Find­ing ‘real’ rap­pers in China will re­quire some cre­ativ­ity

Global Times – Metro Shanghai - - FRONT PAGE - By Sun Jing

Re­cently, The Rap of China, a rap con­test show aired on China’s stream­ing plat­form, wit­nessed the thrilling mo­ment when the mys­te­ri­ous con­tes­tant “you-know-who” took off his golden mask and re­vealed his identity as Au-ye­ung Jin (also known as MC Jin), a leg­endary Amer­i­can-born Chi­nese rap­per with world­wide fame. The show broad­casts rap, a niche genre of sub­cul­ture, to Chi­nese au­di­ence.

Rap­ping, along with DJing, break danc­ing and graf­fiti have been re­garded as cru­cial el­e­ments of hip-hop, a mu­si­cal style orig­i­nated from AfricanAmer­i­can down­town cul­ture in the US in the 1970s. Long be­fore the hey­days of hip-hop, how­ever, rap can be traced back to the Gri­ots of West African cul­ture, a group of sto­ry­tellers and singers who not only mem­o­rized tra­di­tional lyrics to in­herit their lo­cal cul­tures, but also im­pro­vised new songs for so­cial events. Cen­turies later, rap­ping, en­coded into the street cul­ture by its mod­ern grass-root suc­ces­sors, has been trans­formed into rhyth­mic speech per­for­mance in var­i­ous ver­nac­u­lars, ex­press­ing reflections on the world.

It should be en­cour­aged to pro­vide the au­di­ence a chan­nel to get ac­quainted with rap. How­ever, The Rap of China has put Chi­nese rap cul­ture in a quag­mire. Firstly, the pro­duc­tion team has re­ceived se­vere crit­i­cism for pla­gia­riz­ing its Korean coun­ter­part Show Me The Money.

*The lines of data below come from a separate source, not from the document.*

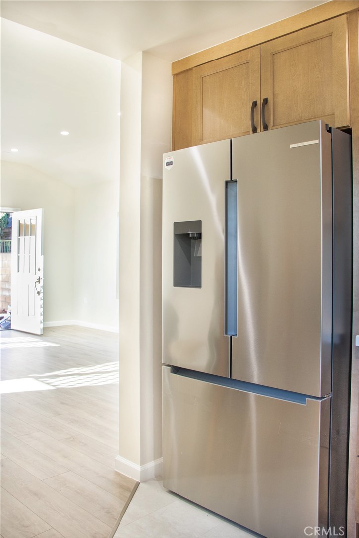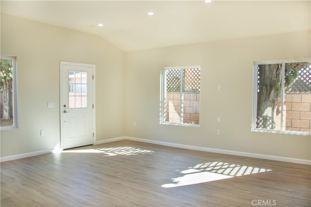 Brand new construction, privately situated rear ADU offering modern design, quality craftsmanship, and exceptional natural light throughout. This thoughtfully designed home features an open-concept layout with high ceilings, recessed lighting, wide-plank flooring, and large windows that create a bright and inviting atmosphere. The contemporary kitchen is equipped with stainless steel appliances, quartz countertops, shaker-style cabinetry, and ample storage, while the spacious bedroom provides generous closet space and easy access to a beautifully finished bathroom with a sleek vanity and designer tile shower. Additional highlights include a brand new HVAC system, energy-efficient windows, updated electrical and plumbing, and quality finishes throughout. A turnkey, move-in-ready space delivering privacy, comfort, and modern living in a quiet rear setting.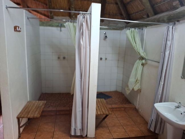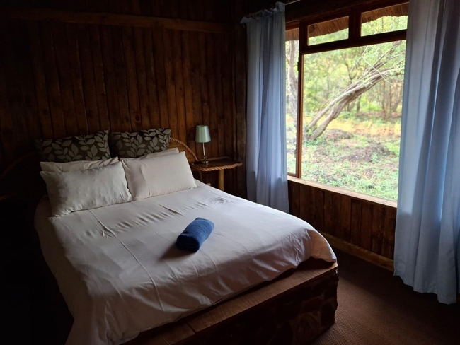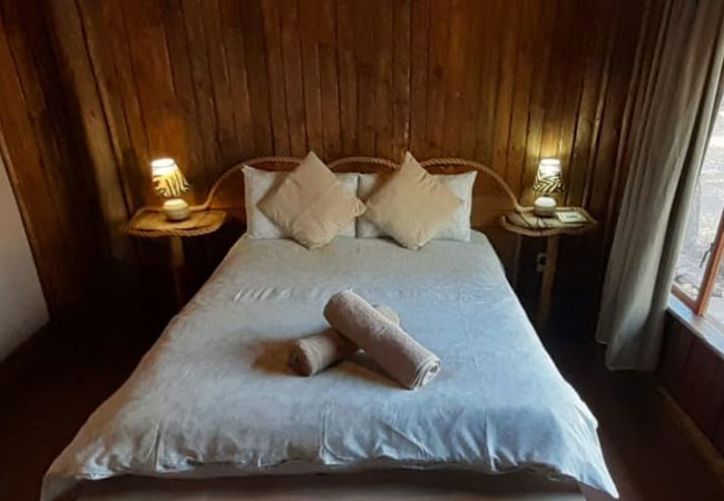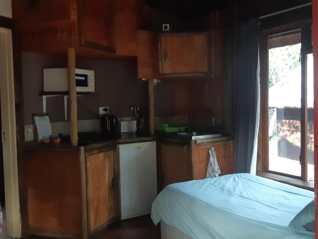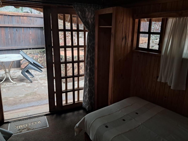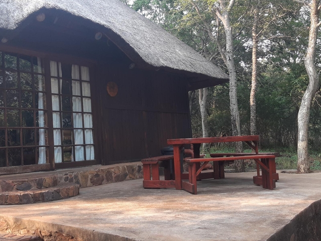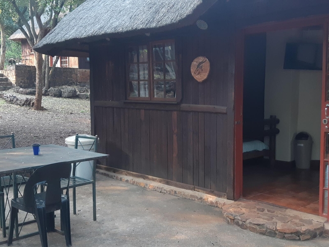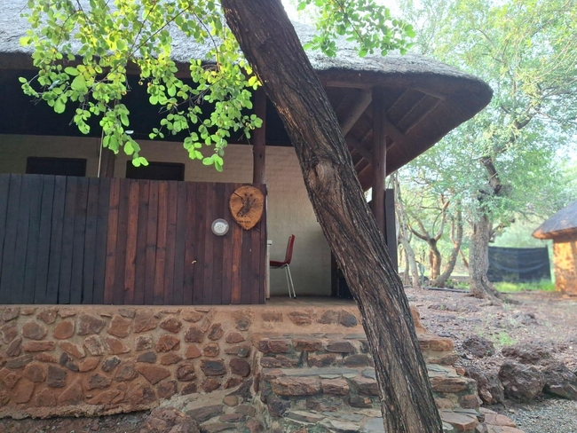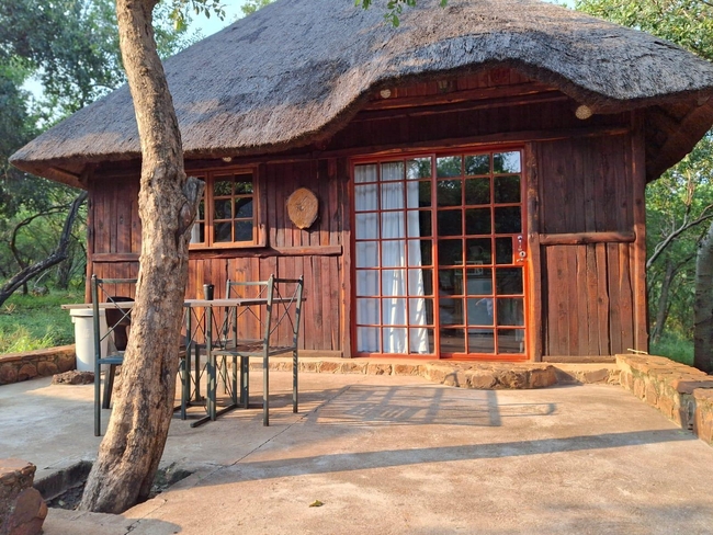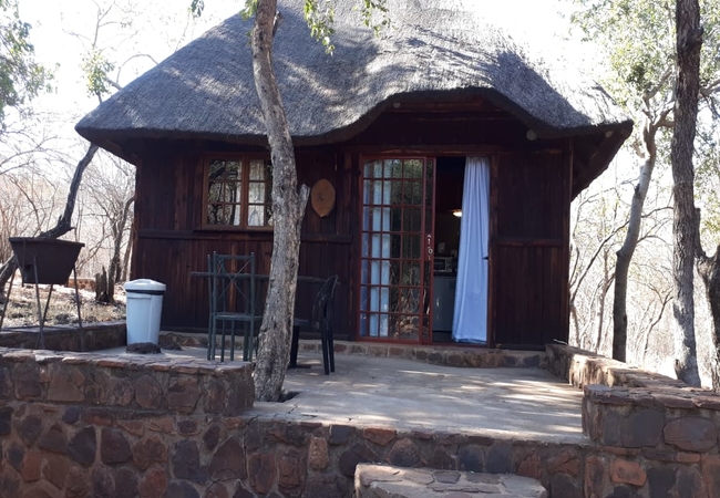 The Lodge, which is near the main gate, offers self catering chalets, wooden cabins / rondawels and camping. The units are rustic, thatched and are connected with demarcated stone paths close to the wooden decked restaurant.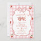 Convites Pink Plaid Strawberry Coquette sweet one birthday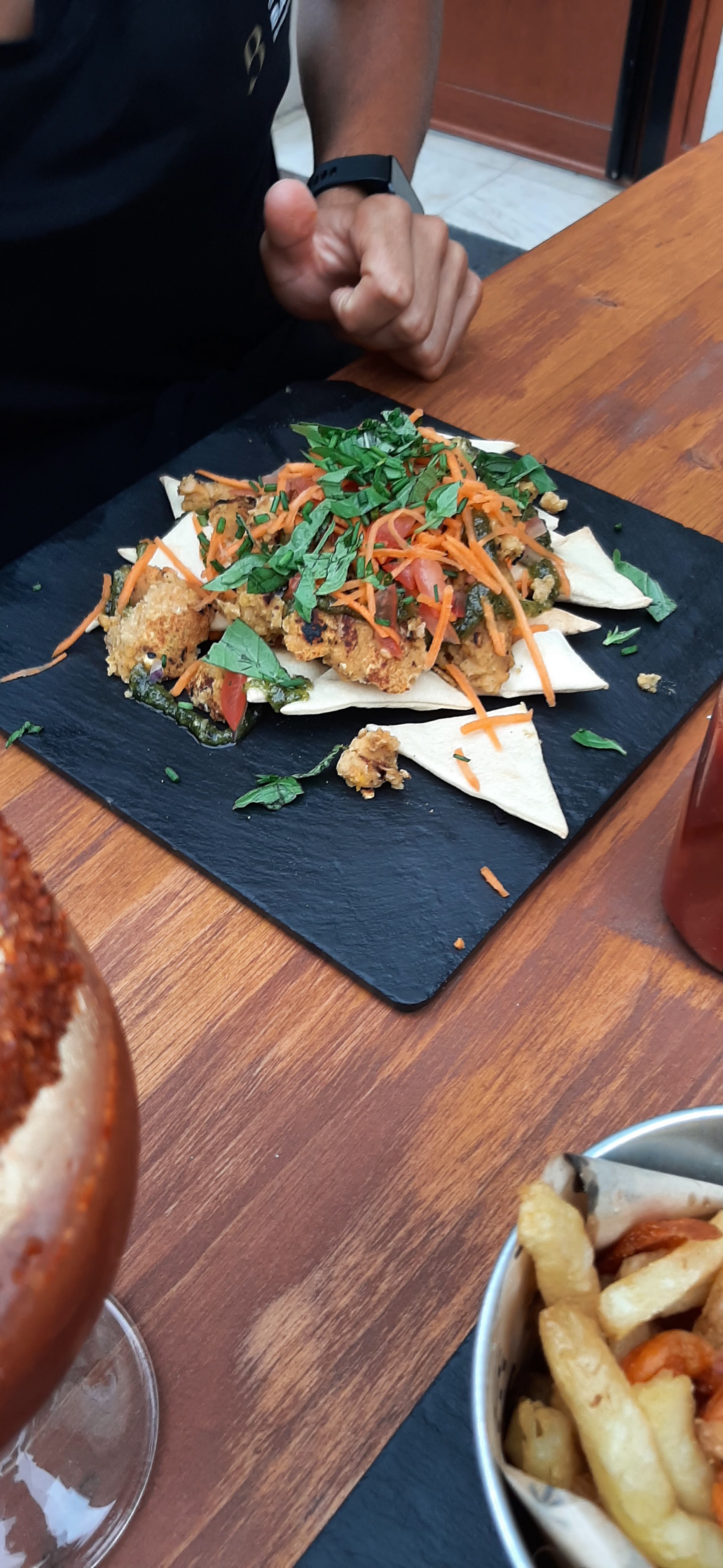 Sur le papier et avec les avis, c'était tentant, avec des alternatives vegan qui plus est, que nous avons tentées. L'accueil et le service au top, c'est jeune, cool, friendly, super musique au passage et les écrans avec images de surf, on est bien dans l'ambiance. C'est dommage car c'est dans l'assiette qu'on trouve le hic. Le guacamole est pas mal mais les tortillas qui semblent maison ne sont pas ouf et surtout, elles sont déjà plantées dans le guacamole, donc ramollies, donc on finit par manger à la petite cuillère. (Suffit de les servir à côté 😉) J'ai testé le burger vegan, avec steak végétal Haricots rouges & betterave. Ça semble cool mais c'est mal élaboré car au final, le steak ne tient pas du tout... C'est de la purée. Il faudrait travailler sur un liant. Ça a fini en gloubiboulga dans mon assiette. Le + c'est quand même de pouvoir composer son burger. J'ai adoré les frites, heureusement, c'est bien le minimum qu'on puisse attendre d'un restaurant. Je pensais finir sur une bonne note sucrée avec un brownie, classique, inratable... Et bien non, là, j'ai un peu de mal à comprendre je dois dire. Une coupelle arrive, remplie de chantilly (qui ne semble pas maison) Ma vision de la chantilly à outrance dans la restauration, c'est comme la salade verte. On comble un vide, un manque de savoir-faire. Et là, ce ne sont pas les qques bouts de brownies rikiki noyés dans cette chantilly qui vont sauver ce dessert. Navré la team, faut revoir ça. Déjà il faut servir un vrai morceau de brownie et contentez vous de proposer la chantilly comme une option. Après, on a quand même eu le droit à un digestif, ce qui est très sympa. Bon, on nous parle d'un rhum arrangé...à quoi je ne sais pas ?... j'ai eu le sentiment de boire un rhum blanc assez banal mais l'intention était là. Surprise finale, on a quand même eu le droit à un second digeo une fois en caisse. Notre déception sur le repas était peut-être palpable. En somme, tout au top, sauf la bouffe, c'est dommage pour un resto. Mais ça peut se rectifier 😜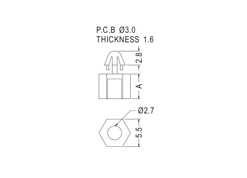 Snap lock hexagonal self tapping spacer with a pilot hole of 2.7 mm and an arrowhead for a 3 mm mounting hole. Standoff height 5 mm.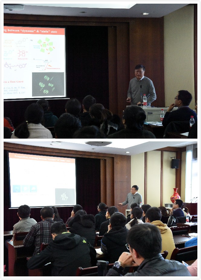 2018年11月22日,华东理工大学田禾院士莅临51动漫 讲学。讲座主要关于分子动态组装与性能调控,制备用于调谐发射颜色的人工动态组装系统方面的最新进展。田禾院士课题组通过一个创新策略,将磷修饰到β-CD来构建无金属的非晶室温磷光(RTP)小分子化合物,这些衍生物具有强烈的RTP发光,该方法具有制备简便、可行性好、通用性强、毒性低、发光强度高、对脱氧和低温无严格要求的优点。另外,田禾院士课题组还发展了一种类似人工肌肉的分子致动器,通过外界刺激,可以实现其线性收缩和伸展运动,并在单分子尺度可逆地控制附近金纳米颗粒的距离,分子的运动同时伴随着由金纳米粒子等离子体共振产生的光信号输出。在提问交流过程中,就师生感兴趣的问题,田禾院士分子对动态组装与性能调控做了概括与解释,田禾院士认为超分子自组装是材料科学中自下而上构建有序纳米结构的有效策略,在生物学应用中已经显示出巨大的潜力。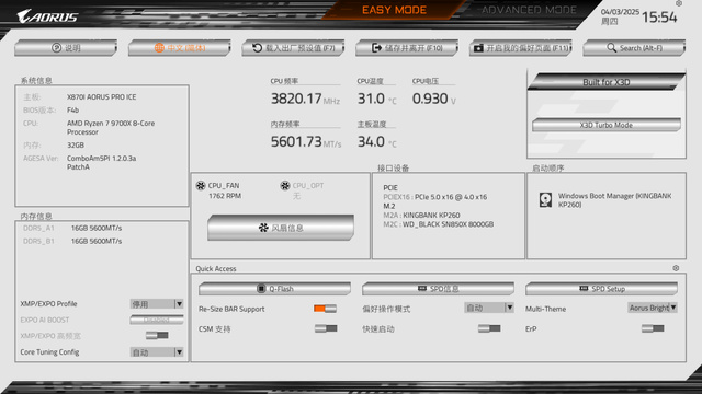 我们进入这款技嘉主板的BIOS界面,看到默认的简易模式。在中间有产品的各种参数和状态显示。而在左侧和右侧则是可以进行各种一键设置,从而提升系统性能表现。比如在左侧可以将Memory内存启用XMP或者EXPO超频,以及启用XMP/EXPO高带宽,可以一键提升性能。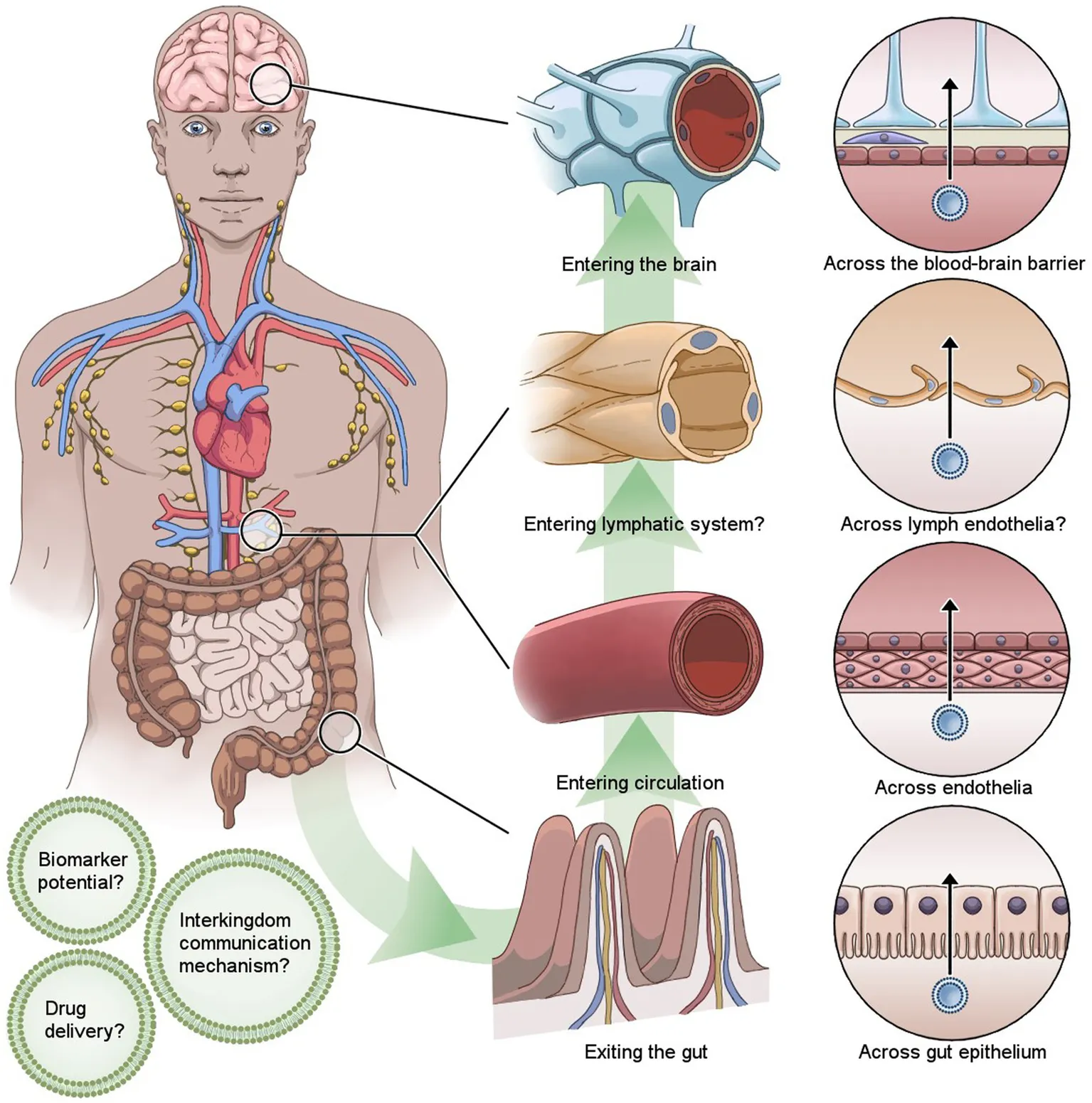 In this systematic review we summarize the present evidence of bacterial EVs crossing the BBB and highlight the importance of future research on gut microbiota-derived EVs in the context of gut-brain communication across the BBB.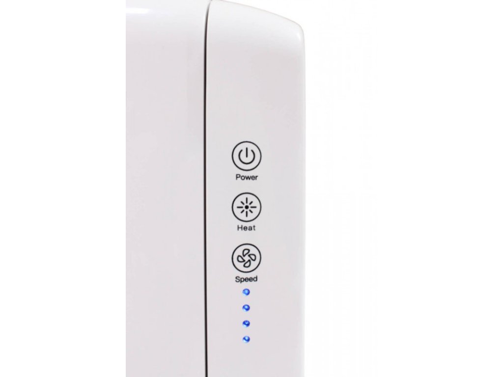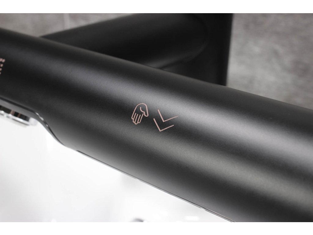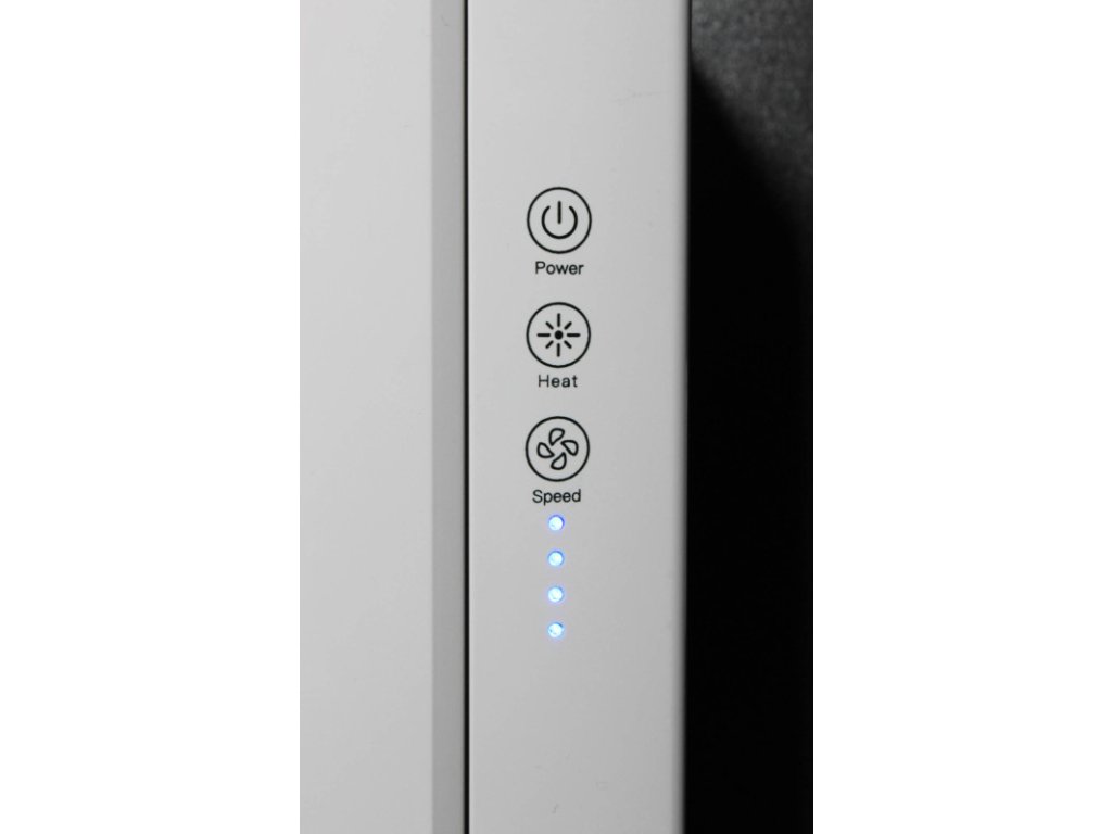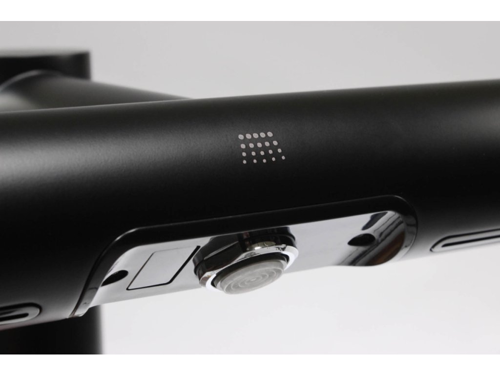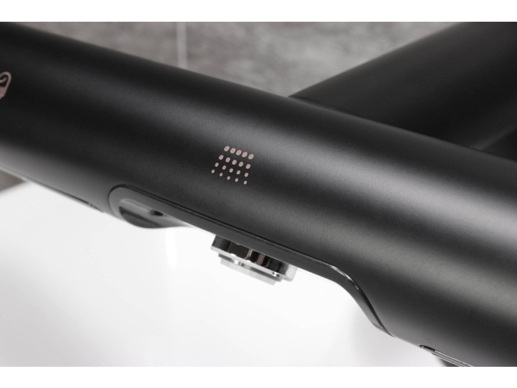 Na boční části ramen vysoušeče se nachází podsvícené led kroužky. Kroužky pulzují bílým světlem, čímž upozorňuje na funkci vysoušeče. Při používání svítí modře.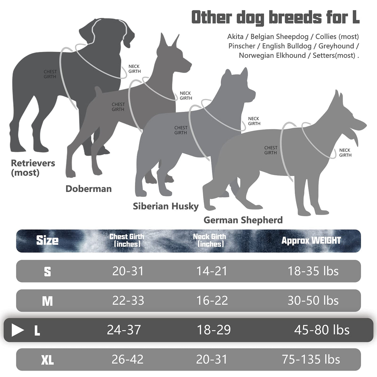 Q: What sizes are available for the AUROTH Tactical Dog Harness?A: The AUROTH Tactical Dog Harness is available in size L, which fits neck sizes from 18 to 29 inches and chest sizes from 24 to 37 inches. Be sure to check our sizing chart for the perfect fit for your dog.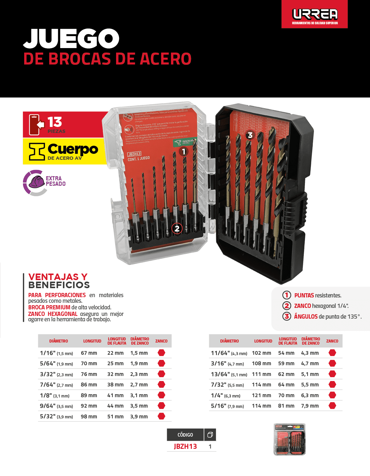 Juego de brocas premium de acero de alta velocidad zanco hexagonal, 13 piezas Urrea

Be­sides, the rap­ping con­test is ori­ented by con­sump­tion logic. On the one hand, rap in­struc­tors are elected ac­cord­ing to com­mer­cial value in­stead of tal­ent. While celebri­ties such as Chang Csun-yuk, Kris Wu and Wil­ber Pan with fewer achieve­ments are nom­i­nated as judges, MC Jin is among the con­tes­tants. On the other hand, most con­tes­tants rap their bla­tant am­bi­tion for wealth and fame, which co­in­cides with the huge logo at­tached to each in­struc­tor’s mi­cro­phone that says “RICH.”

More im­por­tantly, both the con­tes­tants and judges are ea­ger to de­limit a Chi­nese hip-hop cul­ture, sac­ri­fic­ing the di­ver­sity of rap cul­ture.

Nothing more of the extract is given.